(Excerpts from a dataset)

******************************

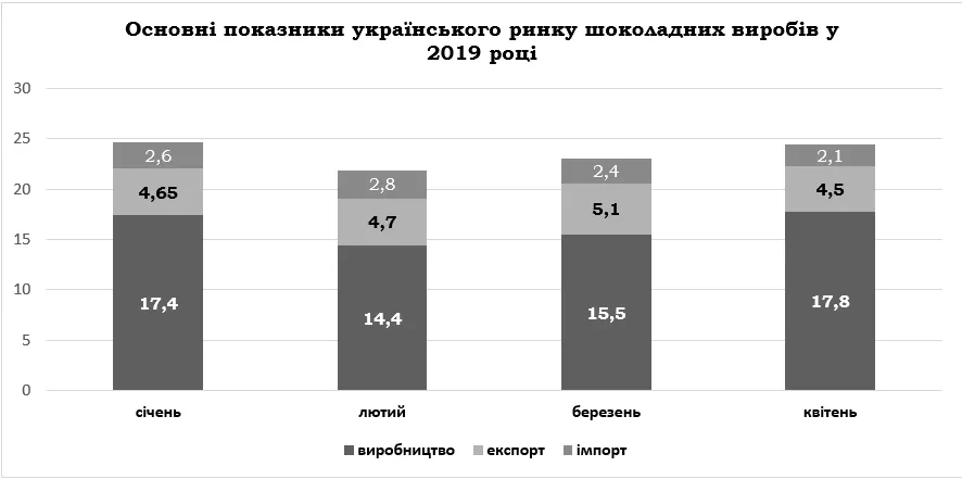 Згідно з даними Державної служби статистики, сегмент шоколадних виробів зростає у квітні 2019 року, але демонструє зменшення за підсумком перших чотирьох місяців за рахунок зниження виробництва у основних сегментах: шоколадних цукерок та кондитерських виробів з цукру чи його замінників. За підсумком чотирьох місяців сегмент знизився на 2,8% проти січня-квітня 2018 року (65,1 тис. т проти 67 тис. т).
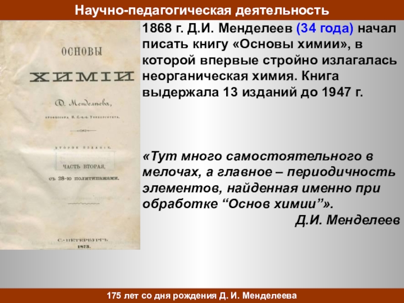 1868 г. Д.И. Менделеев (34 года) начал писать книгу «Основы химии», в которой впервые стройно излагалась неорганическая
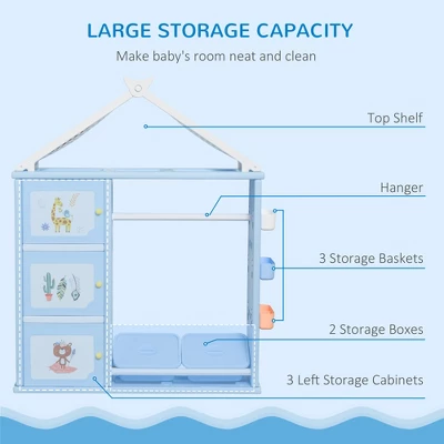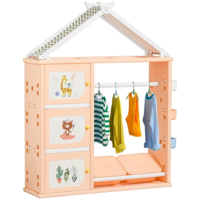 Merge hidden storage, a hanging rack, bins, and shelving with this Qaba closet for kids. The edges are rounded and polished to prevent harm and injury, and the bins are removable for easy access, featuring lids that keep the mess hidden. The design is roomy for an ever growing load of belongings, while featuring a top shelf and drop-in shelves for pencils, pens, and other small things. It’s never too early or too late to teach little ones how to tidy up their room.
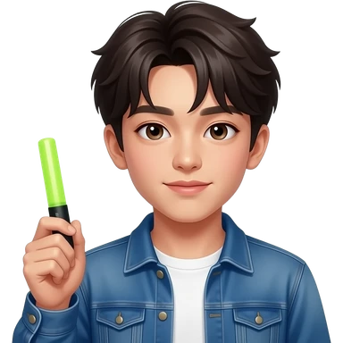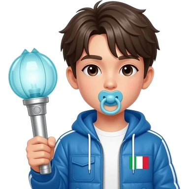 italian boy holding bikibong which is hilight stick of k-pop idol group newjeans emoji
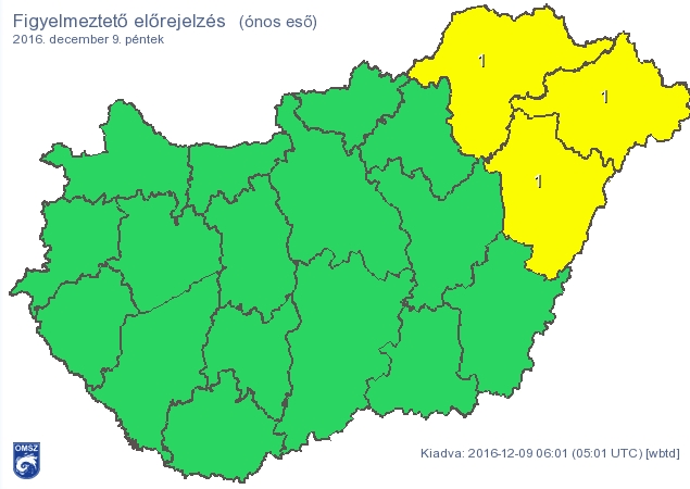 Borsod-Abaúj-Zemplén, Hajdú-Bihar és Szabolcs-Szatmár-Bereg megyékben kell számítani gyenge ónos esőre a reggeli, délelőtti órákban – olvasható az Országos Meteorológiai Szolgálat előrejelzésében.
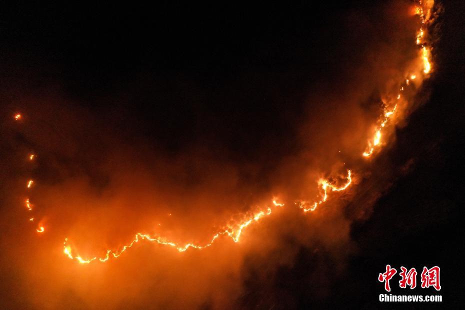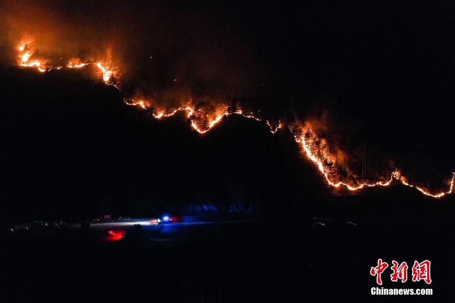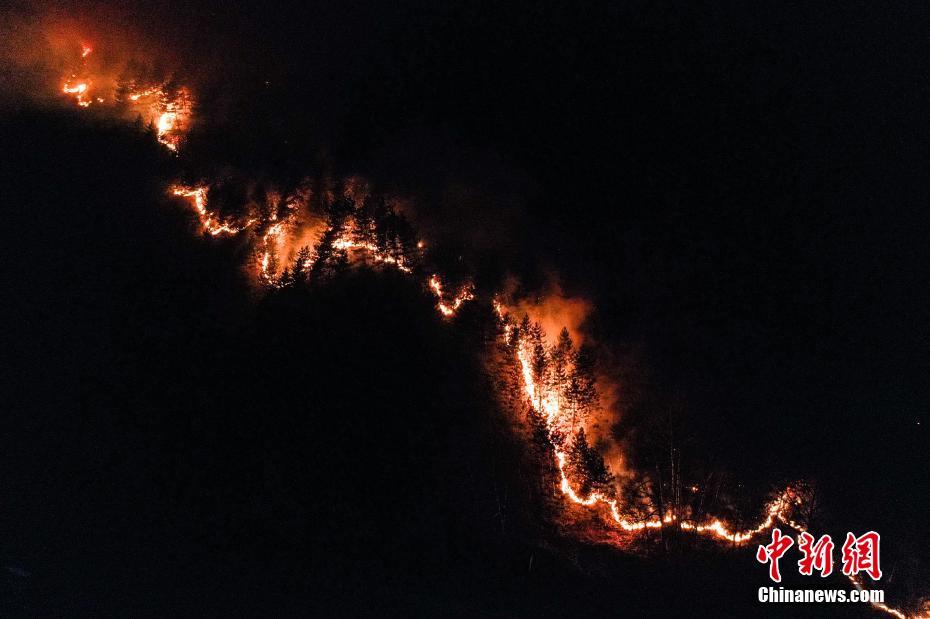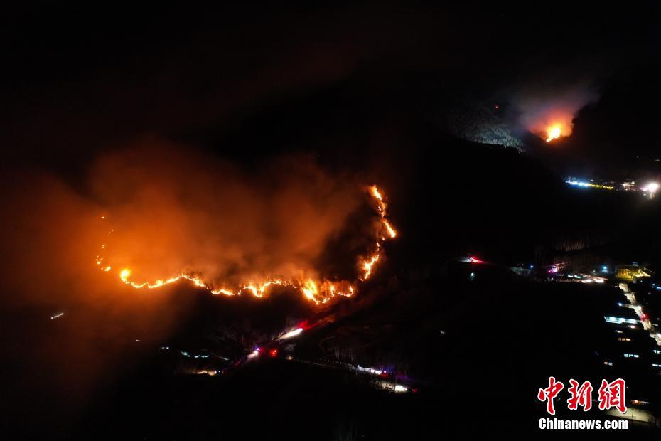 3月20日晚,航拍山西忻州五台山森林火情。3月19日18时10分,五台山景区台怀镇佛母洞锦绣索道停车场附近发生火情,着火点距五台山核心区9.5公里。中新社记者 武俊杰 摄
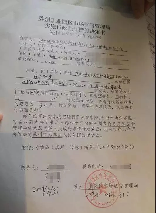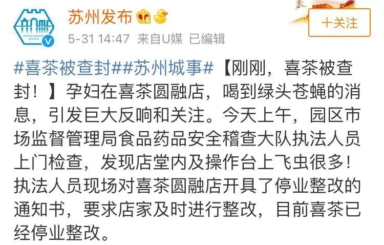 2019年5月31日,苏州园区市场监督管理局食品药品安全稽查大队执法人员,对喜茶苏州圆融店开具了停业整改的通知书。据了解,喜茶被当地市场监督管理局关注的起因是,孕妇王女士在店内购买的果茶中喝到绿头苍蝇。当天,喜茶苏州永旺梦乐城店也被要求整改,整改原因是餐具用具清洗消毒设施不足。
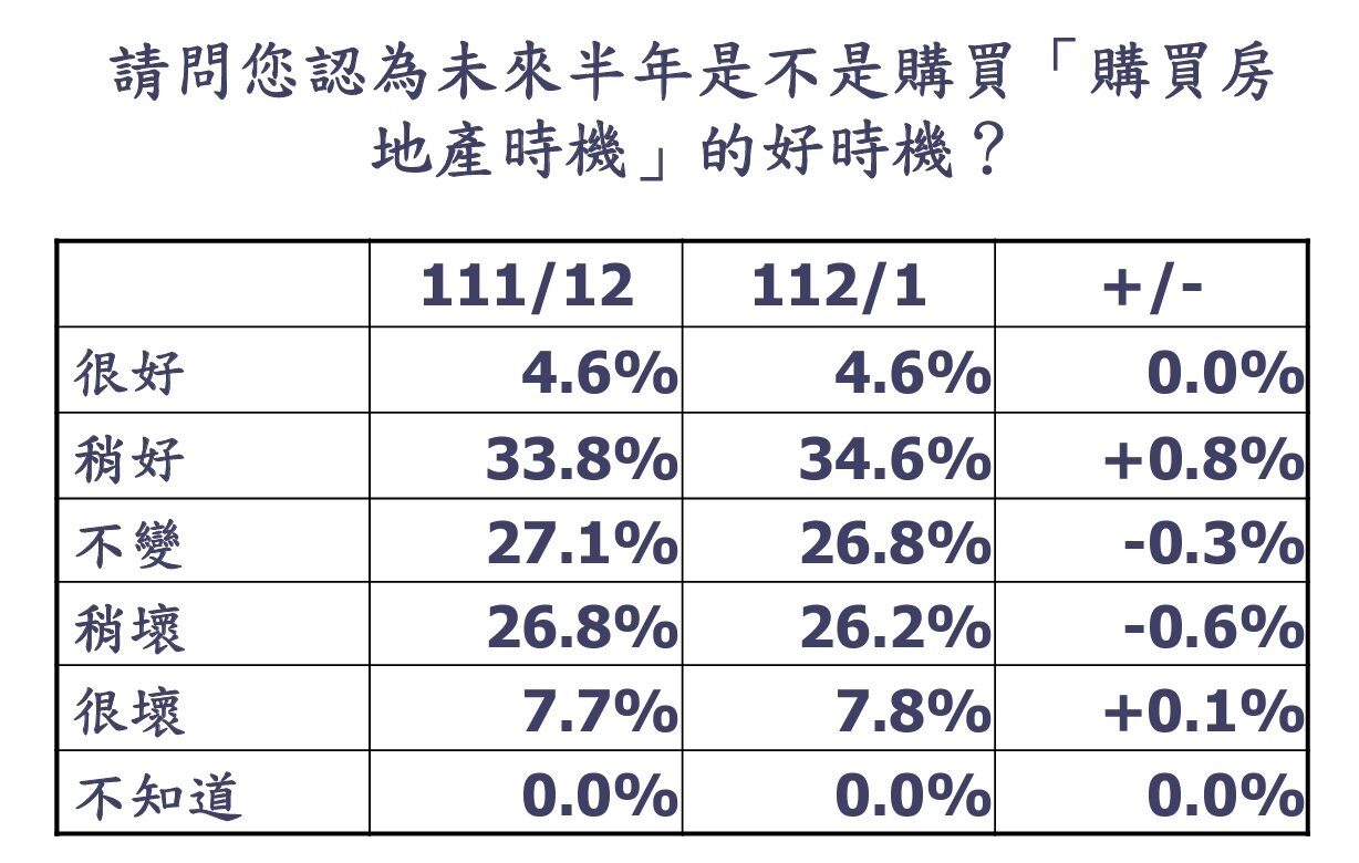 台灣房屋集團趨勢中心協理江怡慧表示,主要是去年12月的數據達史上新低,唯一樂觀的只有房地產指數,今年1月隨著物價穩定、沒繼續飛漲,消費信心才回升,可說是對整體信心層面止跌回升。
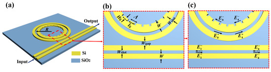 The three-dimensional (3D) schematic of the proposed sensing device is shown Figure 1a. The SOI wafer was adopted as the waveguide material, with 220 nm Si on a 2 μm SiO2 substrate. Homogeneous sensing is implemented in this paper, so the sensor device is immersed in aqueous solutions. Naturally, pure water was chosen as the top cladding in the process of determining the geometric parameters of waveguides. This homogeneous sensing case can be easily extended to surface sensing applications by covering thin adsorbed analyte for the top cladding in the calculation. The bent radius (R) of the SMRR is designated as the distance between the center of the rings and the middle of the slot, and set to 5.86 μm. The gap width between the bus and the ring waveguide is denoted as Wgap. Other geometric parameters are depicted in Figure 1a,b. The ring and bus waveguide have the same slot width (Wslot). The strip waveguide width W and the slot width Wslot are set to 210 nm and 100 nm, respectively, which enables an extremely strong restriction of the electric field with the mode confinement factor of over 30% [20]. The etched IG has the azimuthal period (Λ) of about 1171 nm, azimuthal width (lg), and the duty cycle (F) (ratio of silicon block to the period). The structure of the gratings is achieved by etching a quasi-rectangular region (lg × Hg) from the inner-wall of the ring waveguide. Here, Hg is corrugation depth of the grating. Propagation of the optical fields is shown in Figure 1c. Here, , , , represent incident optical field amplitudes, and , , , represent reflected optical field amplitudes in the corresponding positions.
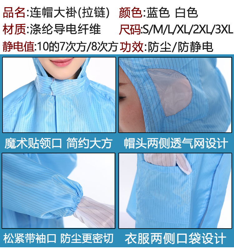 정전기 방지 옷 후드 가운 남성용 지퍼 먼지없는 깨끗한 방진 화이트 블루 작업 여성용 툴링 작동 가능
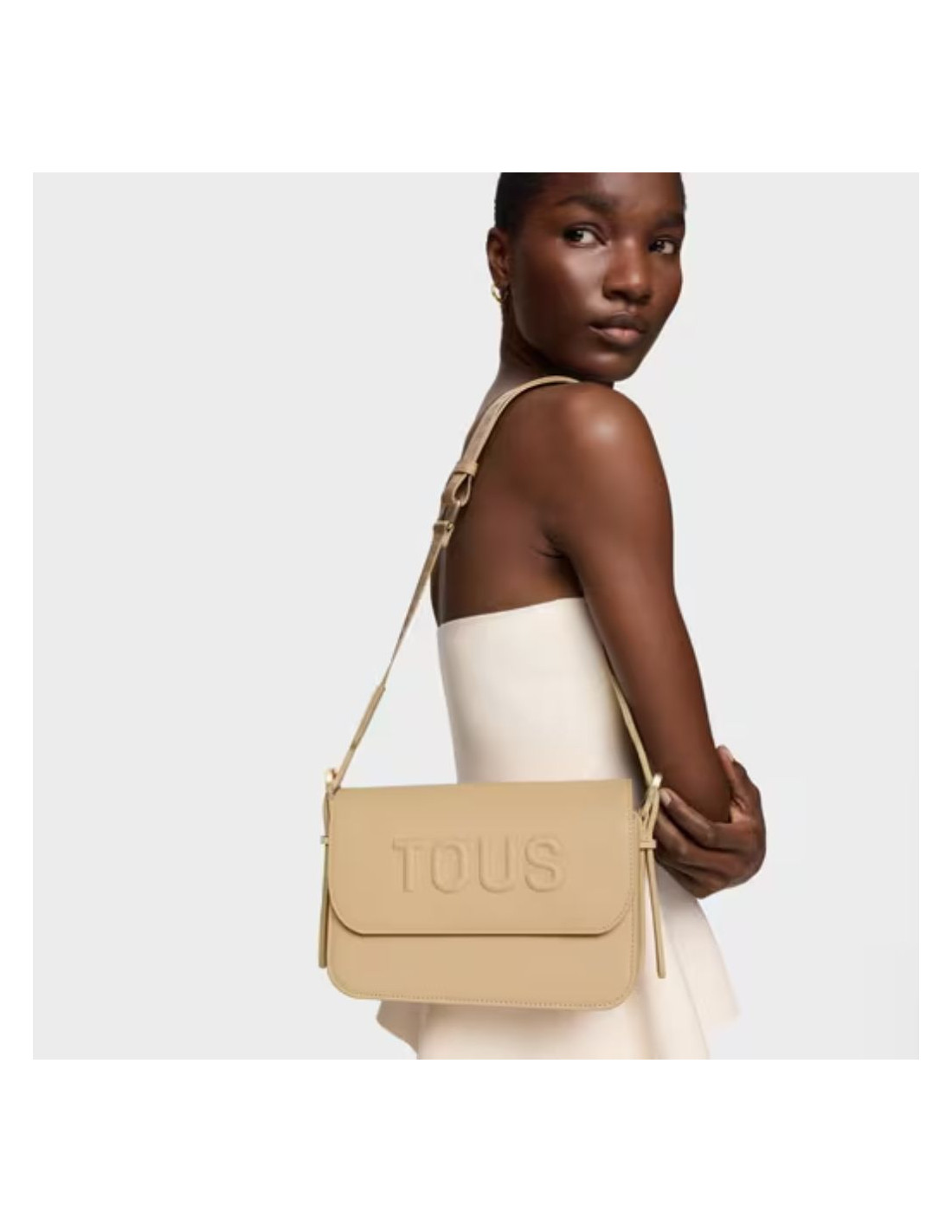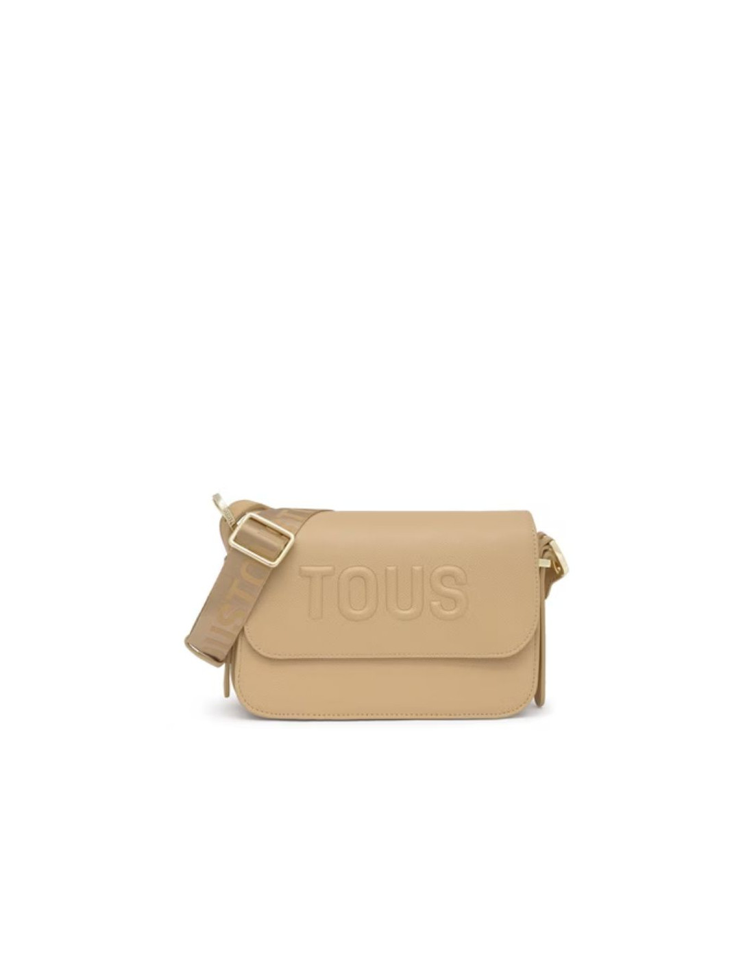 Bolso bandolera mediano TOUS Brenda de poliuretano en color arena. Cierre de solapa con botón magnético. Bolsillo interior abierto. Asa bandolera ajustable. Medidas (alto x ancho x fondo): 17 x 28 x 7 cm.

******************************

▶ _Required action_
Please reproduce the entries above line by line, exactly, leaving out each image.

▶ _Expected output_
 Згідно з даними Державної служби статистики, сегмент шоколадних виробів зростає у квітні 2019 року, але демонструє зменшення за підсумком перших чотирьох місяців за рахунок зниження виробництва у основних сегментах: шоколадних цукерок та кондитерських виробів з цукру чи його замінників. За підсумком чотирьох місяців сегмент знизився на 2,8% проти січня-квітня 2018 року (65,1 тис. т проти 67 тис. т).
 1868 г. Д.И. Менделеев (34 года) начал писать книгу «Основы химии», в которой впервые стройно излагалась неорганическая
 Merge hidden storage, a hanging rack, bins, and shelving with this Qaba closet for kids. The edges are rounded and polished to prevent harm and injury, and the bins are removable for easy access, featuring lids that keep the mess hidden. The design is roomy for an ever growing load of belongings, while featuring a top shelf and drop-in shelves for pencils, pens, and other small things. It’s never too early or too late to teach little ones how to tidy up their room.
 italian boy holding bikibong which is hilight stick of k-pop idol group newjeans emoji
 Borsod-Abaúj-Zemplén, Hajdú-Bihar és Szabolcs-Szatmár-Bereg megyékben kell számítani gyenge ónos esőre a reggeli, délelőtti órákban – olvasható az Országos Meteorológiai Szolgálat előrejelzésében.
 3月20日晚,航拍山西忻州五台山森林火情。3月19日18时10分,五台山景区台怀镇佛母洞锦绣索道停车场附近发生火情,着火点距五台山核心区9.5公里。中新社记者 武俊杰 摄
 2019年5月31日,苏州园区市场监督管理局食品药品安全稽查大队执法人员,对喜茶苏州圆融店开具了停业整改的通知书。据了解,喜茶被当地市场监督管理局关注的起因是,孕妇王女士在店内购买的果茶中喝到绿头苍蝇。当天,喜茶苏州永旺梦乐城店也被要求整改,整改原因是餐具用具清洗消毒设施不足。
 台灣房屋集團趨勢中心協理江怡慧表示,主要是去年12月的數據達史上新低,唯一樂觀的只有房地產指數,今年1月隨著物價穩定、沒繼續飛漲,消費信心才回升,可說是對整體信心層面止跌回升。
 The three-dimensional (3D) schematic of the proposed sensing device is shown Figure 1a. The SOI wafer was adopted as the waveguide material, with 220 nm Si on a 2 μm SiO2 substrate. Homogeneous sensing is implemented in this paper, so the sensor device is immersed in aqueous solutions. Naturally, pure water was chosen as the top cladding in the process of determining the geometric parameters of waveguides. This homogeneous sensing case can be easily extended to surface sensing applications by covering thin adsorbed analyte for the top cladding in the calculation. The bent radius (R) of the SMRR is designated as the distance between the center of the rings and the middle of the slot, and set to 5.86 μm. The gap width between the bus and the ring waveguide is denoted as Wgap. Other geometric parameters are depicted in Figure 1a,b. The ring and bus waveguide have the same slot width (Wslot). The strip waveguide width W and the slot width Wslot are set to 210 nm and 100 nm, respectively, which enables an extremely strong restriction of the electric field with the mode confinement factor of over 30% [20]. The etched IG has the azimuthal period (Λ) of about 1171 nm, azimuthal width (lg), and the duty cycle (F) (ratio of silicon block to the period). The structure of the gratings is achieved by etching a quasi-rectangular region (lg × Hg) from the inner-wall of the ring waveguide. Here, Hg is corrugation depth of the grating. Propagation of the optical fields is shown in Figure 1c. Here, , , , represent incident optical field amplitudes, and , , , represent reflected optical field amplitudes in the corresponding positions.
 정전기 방지 옷 후드 가운 남성용 지퍼 먼지없는 깨끗한 방진 화이트 블루 작업 여성용 툴링 작동 가능
 Bolso bandolera mediano TOUS Brenda de poliuretano en color arena. Cierre de solapa con botón magnético. Bolsillo interior abierto. Asa bandolera ajustable. Medidas (alto x ancho x fondo): 17 x 28 x 7 cm.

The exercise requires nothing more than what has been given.